[Start of Attachment]

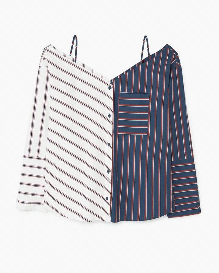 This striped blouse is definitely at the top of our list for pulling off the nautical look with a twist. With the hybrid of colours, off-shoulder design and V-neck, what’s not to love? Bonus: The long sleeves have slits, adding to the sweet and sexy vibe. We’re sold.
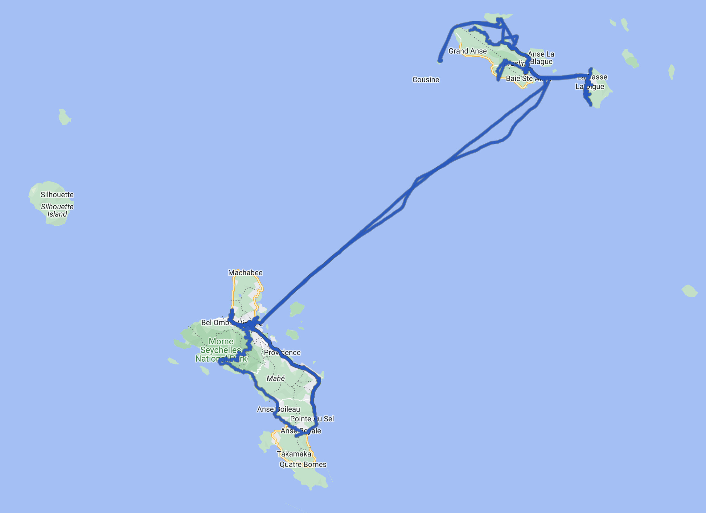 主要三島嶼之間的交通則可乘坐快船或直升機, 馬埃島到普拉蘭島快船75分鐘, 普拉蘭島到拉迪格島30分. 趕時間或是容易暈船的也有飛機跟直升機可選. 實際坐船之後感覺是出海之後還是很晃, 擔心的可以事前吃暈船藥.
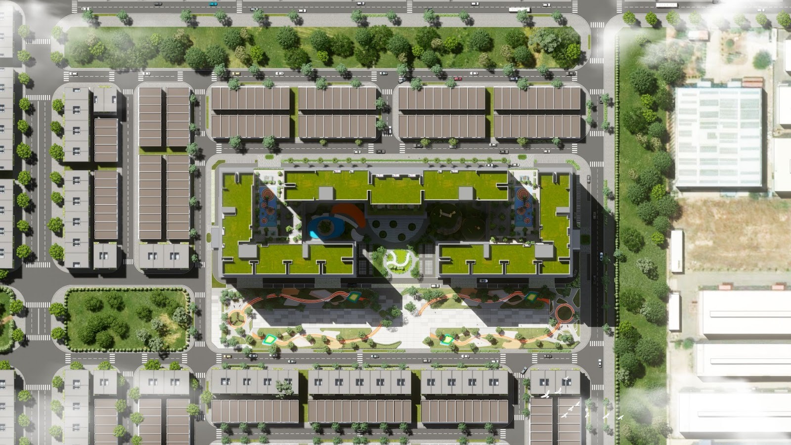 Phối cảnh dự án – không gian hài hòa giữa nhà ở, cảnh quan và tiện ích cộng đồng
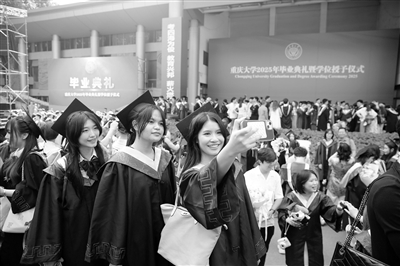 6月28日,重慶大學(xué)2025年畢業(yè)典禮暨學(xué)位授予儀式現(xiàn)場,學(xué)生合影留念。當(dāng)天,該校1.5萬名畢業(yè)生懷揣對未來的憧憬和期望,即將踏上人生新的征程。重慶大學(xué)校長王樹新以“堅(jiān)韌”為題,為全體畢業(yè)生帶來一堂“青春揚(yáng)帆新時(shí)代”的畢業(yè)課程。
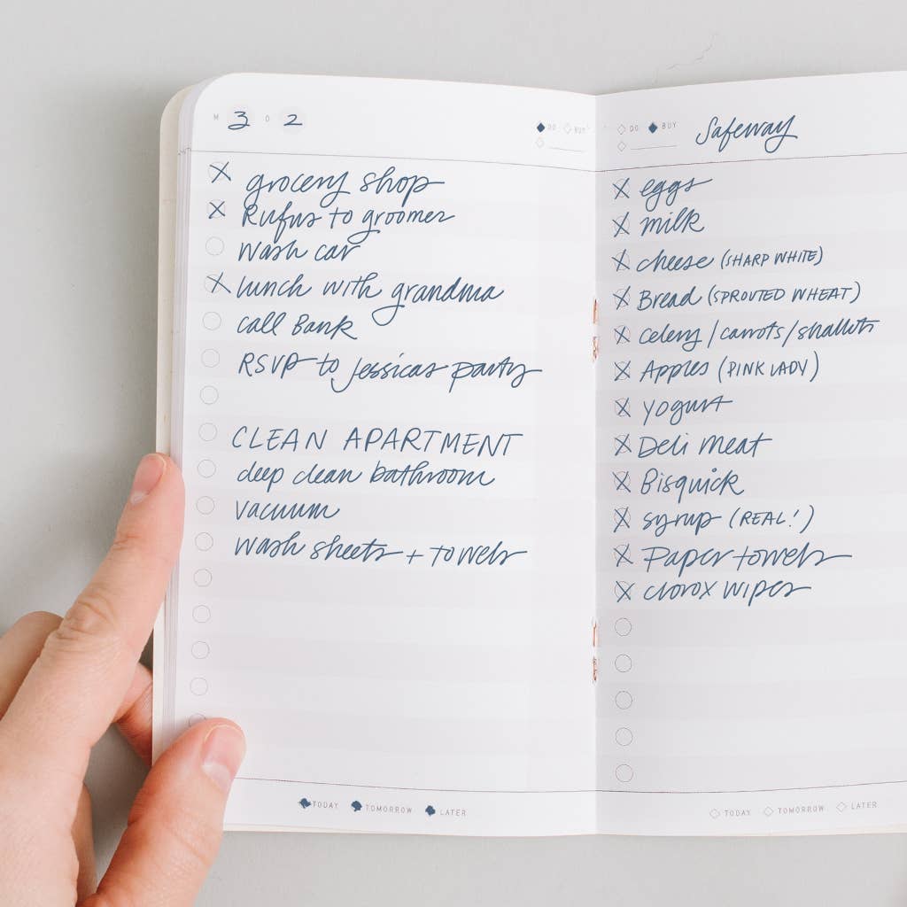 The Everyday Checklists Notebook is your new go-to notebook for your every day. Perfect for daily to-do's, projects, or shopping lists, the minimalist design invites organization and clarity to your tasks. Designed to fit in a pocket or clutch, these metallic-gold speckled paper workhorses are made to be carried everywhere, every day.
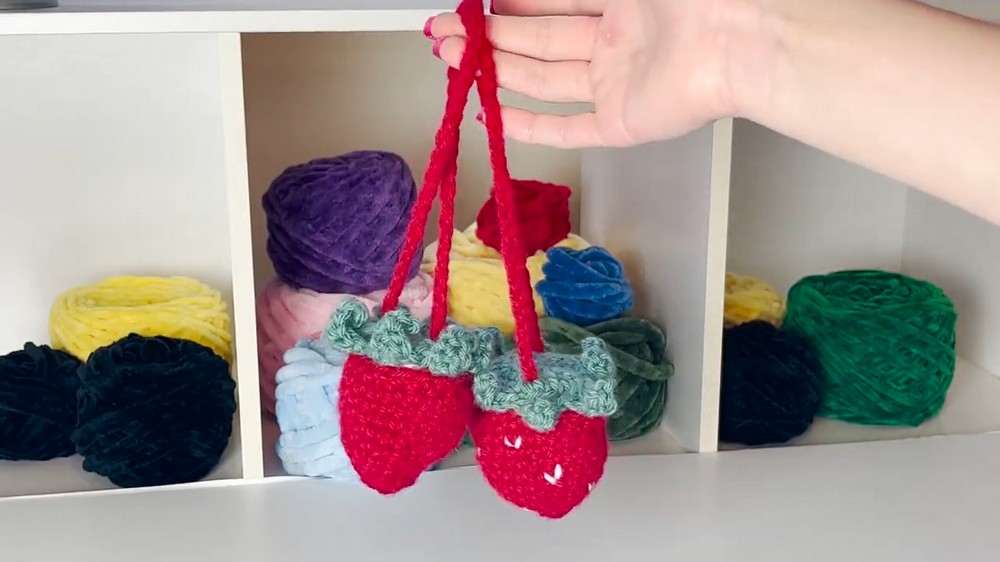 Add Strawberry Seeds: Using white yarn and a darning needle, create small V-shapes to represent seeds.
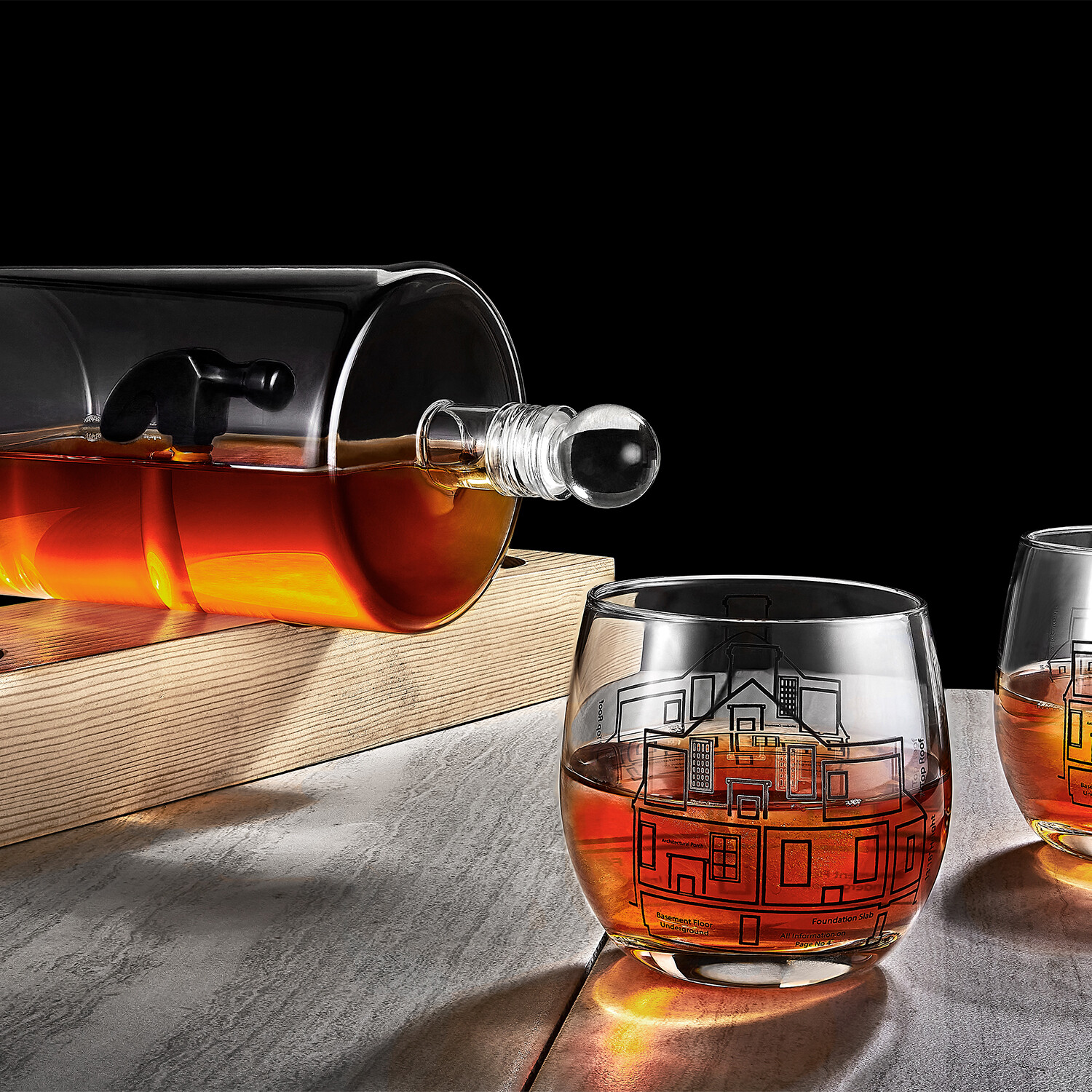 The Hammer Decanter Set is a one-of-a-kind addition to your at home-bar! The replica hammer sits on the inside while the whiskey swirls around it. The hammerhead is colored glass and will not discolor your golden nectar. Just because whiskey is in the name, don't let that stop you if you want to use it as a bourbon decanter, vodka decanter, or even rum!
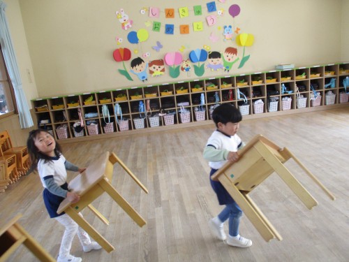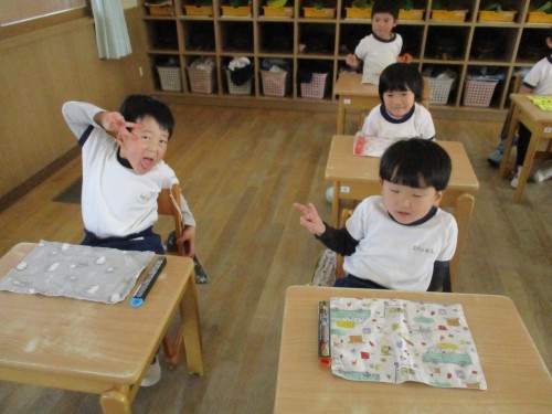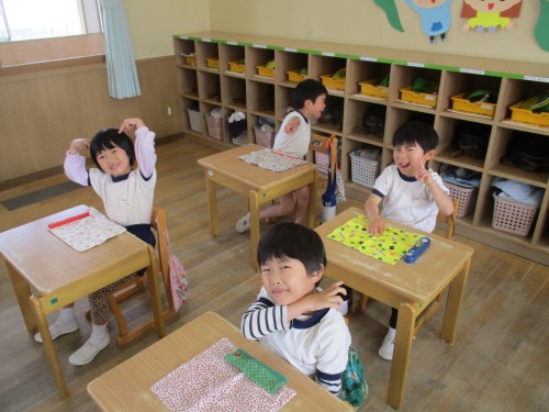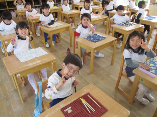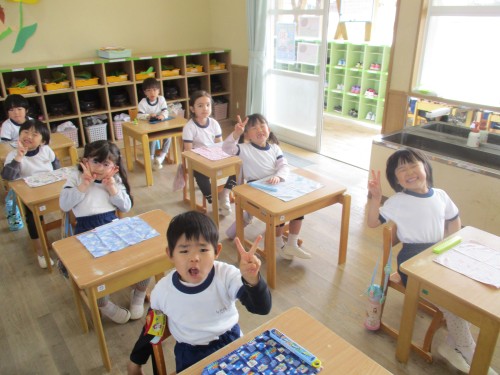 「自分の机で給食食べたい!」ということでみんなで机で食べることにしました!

[End of Attachment]

§ **About this exercise**: What the answer needs is every line from the one with "主要三島嶼之間的交通則可乘坐快船或直升機, 馬埃島到普拉蘭島快船75分鐘, 普拉蘭島到拉迪格島30分." through the last line of the data, reproduced word for word and with pictures omitted.

§ **Answer space**:
 主要三島嶼之間的交通則可乘坐快船或直升機, 馬埃島到普拉蘭島快船75分鐘, 普拉蘭島到拉迪格島30分. 趕時間或是容易暈船的也有飛機跟直升機可選. 實際坐船之後感覺是出海之後還是很晃, 擔心的可以事前吃暈船藥.
 Phối cảnh dự án – không gian hài hòa giữa nhà ở, cảnh quan và tiện ích cộng đồng
 6月28日,重慶大學(xué)2025年畢業(yè)典禮暨學(xué)位授予儀式現(xiàn)場,學(xué)生合影留念。當(dāng)天,該校1.5萬名畢業(yè)生懷揣對未來的憧憬和期望,即將踏上人生新的征程。重慶大學(xué)校長王樹新以“堅(jiān)韌”為題,為全體畢業(yè)生帶來一堂“青春揚(yáng)帆新時(shí)代”的畢業(yè)課程。
 The Everyday Checklists Notebook is your new go-to notebook for your every day. Perfect for daily to-do's, projects, or shopping lists, the minimalist design invites organization and clarity to your tasks. Designed to fit in a pocket or clutch, these metallic-gold speckled paper workhorses are made to be carried everywhere, every day.
 Add Strawberry Seeds: Using white yarn and a darning needle, create small V-shapes to represent seeds.
 The Hammer Decanter Set is a one-of-a-kind addition to your at home-bar! The replica hammer sits on the inside while the whiskey swirls around it. The hammerhead is colored glass and will not discolor your golden nectar. Just because whiskey is in the name, don't let that stop you if you want to use it as a bourbon decanter, vodka decanter, or even rum!
 「自分の机で給食食べたい!」ということでみんなで机で食べることにしました!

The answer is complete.